Write a full program/function to Demolish a given building at the rate 1 floor per second.

INPUT

Input is a building through STDIN(or whatever is called in your language) or through an ARGUMENT of a function. t=0 s 

   |
  |#|
  {#}
 |# #|
|# # #|
|# # #|
|# # #|
TTTTTTT

input consists of :

  • | marks start and end of a floor.
  • {,} marks the floor with explosives.
  • # is a window which is for decoration .
  • is space, which is everywhere inside the floors where # is not there.
  • T marks ground(cannot be demolished).
  • * marks the detonated floor.

Input rules :

  • building starts from top with one | and ends on ground(with no(T)=no (char used in ground floor)).
  • a window # is at every odd place inside every floor.
  • T marks the end of your input.
  • only one floor consists of explosives.
  • every floor is made of odd no. of chars.
  • as you ascend down the floors, the floors can either be of equal size of that of previous floor or can be 2 chars bigger.
  • Input can be taken as an array of chars or strings.

Output :

t=0.5 s 

   |
  |#|
  ***
 |# #|
|# # #|
|# # #|
|# # #|
TTTTTTT

t=1 s 

   |
  |#|
 |# #|
|# # #|
|# # #|
|# # #|
TTTTTTT

t=1.5 s 

   |
  ***
 |# #|
|# # #|
|# # #|
|# # #|
TTTTTTT

t=2 s 

   |
 |# #|
|# # #|
|# # #|
|# # #|
TTTTTTT

t=2.5 s 

   *
 |# #|
|# # #|
|# # #|
|# # #|
TTTTTTT

t=3 s 

 |# #|
|# # #|
|# # #|
|# # #|
TTTTTTT

t=3.5 s 

 *****
|# # #|
|# # #|
|# # #|
TTTTTTT

t=4 s 

|# # #|
|# # #|
|# # #|
TTTTTTT

t=4.5 s 

*******
|# # #|
|# # #|
TTTTTTT

t=6.5 s 

*******
TTTTTTT

t=7 s 

TTTTTTT

Output rules :

  • every floor ends with one newline character.
  • ground may/may not have a trailing newline.
  • output the building(or whats left of it) every 0.5 s.
  • Output is like animation which is modified every 0.5 s and is displayed.
    (Also feel free to post GIFs with your answer)

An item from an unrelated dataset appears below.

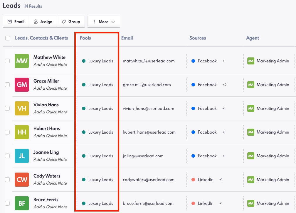 Pools are a new feature that allows another way to categorize and organize leads. With unassigned leads you are able to add them to a pool. Then agents who are looking to work new leads can access the pool and select the leads to take them from the pool to assign to themselves. Here is a user guide video to explain pools further. Lead Pools

This is a Code-Golf so the code in shortest bytes wins!
last date of submission is exactly 5 days from now

(But you know what ? Winning is not everything, feel free to try this challenge in your favorite language, even after a winner has been declared :] ).

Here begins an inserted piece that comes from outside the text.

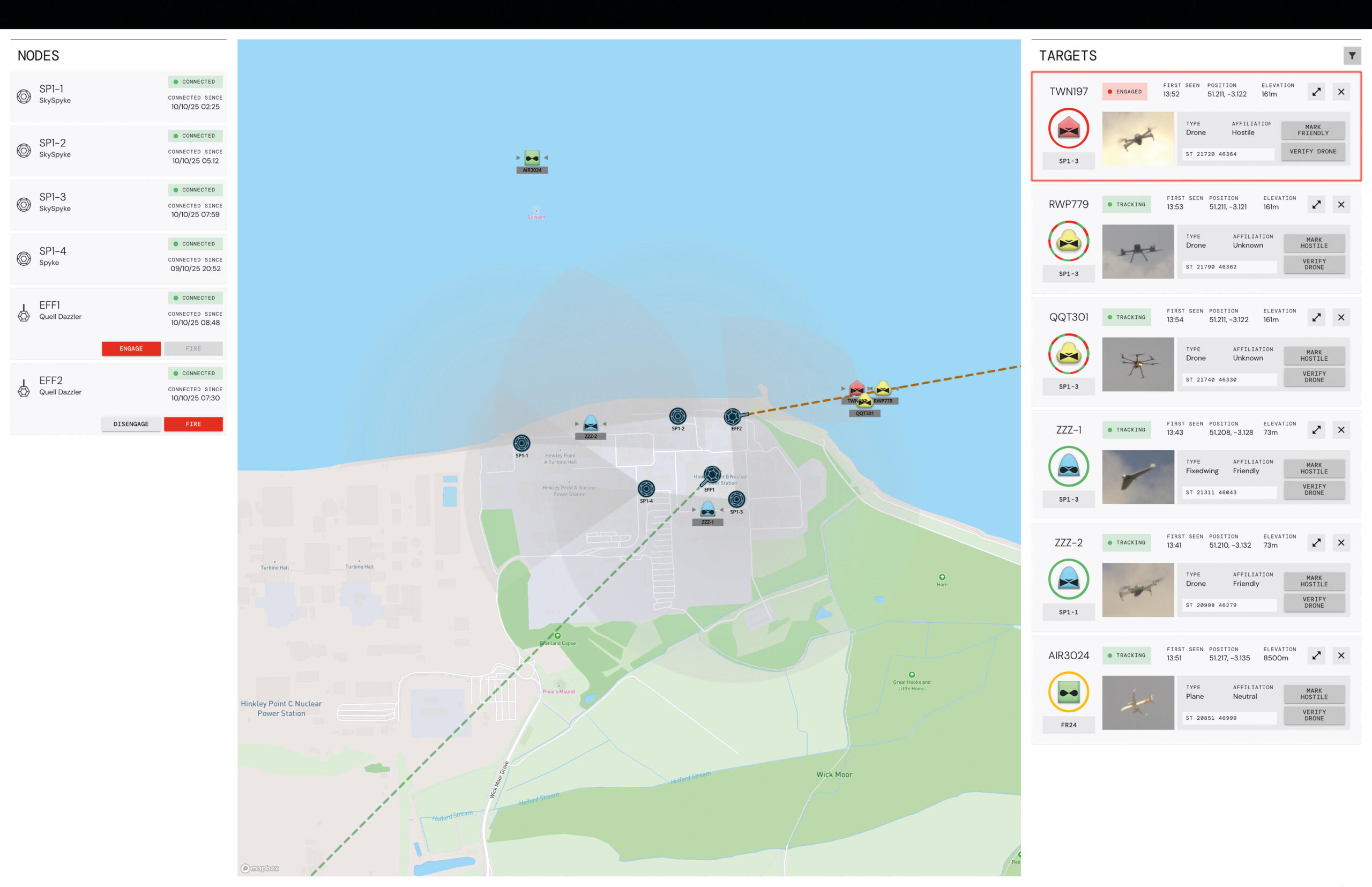 Quell’s Fairfax C2 provides real-time situational awareness and simultaneous operator control across all deployed Quell SkySpyke®, Spyke®, and effector units. The data is synthesised in real time within Quell’s Fairfax C2 platform, giving operators a unified situational view and the ability to control their response either actively or automatically.

EDIT : I changed the way you take input (my bad actually).

Mukul Kumar

Posted 2016-11-25T05:23:32.107

Reputation: 2 585

What is answers are supposed to be posted after 1 hrs from now about? – Dennis – 2016-11-25T05:37:15.833

1 hr from the time of my post. so that I get at least 1 hr to rectify any question related doubts. – Mukul Kumar – 2016-11-25T05:41:13.873

8

I'm not sure if the community would be willing to enforce this kind of limitation. If you're not sure that your specification is solid, you can post the challenge draft in our sandbox to get feedback before posting it on main.

– Dennis – 2016-11-25T05:54:48.060

@dennis Hmm...removed – Mukul Kumar – 2016-11-25T05:57:23.320

Two questions: (1) May we assume there's no trailing whitespace on any floor? (2) May we assume there are no more lines of input after the ground? – H Walters – 2016-11-25T19:58:43.820

@walters No trailing whitespace = true(every floor ends with a newline). No lines of output after ground = true. – Mukul Kumar – 2016-11-26T02:55:37.977

Answers

4

Vim, 41 38 bytes

qw:sl 500m␍q/{␍qqjk^v$r*@wdd:-␍@w@qq@q

Here, ^ is used for a literal caret; ␍ is used for CTRL-M.

Explanation

qw:sl 500m␍q sleeps half a second, while recording the half second sleep as macro w. /{␍ moves to the floor with explosives. qq begins recording macro q, which will recursively call itself.

jk moves down and up; this generates an error if you're on the last line (ground); the error terminates the recursive macro. ^v$r* replaces everything from the first non-whitespace character to the end of the line with *'s. @w waits half a second, then dd deletes the current floor. :-␍ moves up a floor without terminating the macro if you're on the top line. @w then waits another half second, and @q calls the q macro (initially empty).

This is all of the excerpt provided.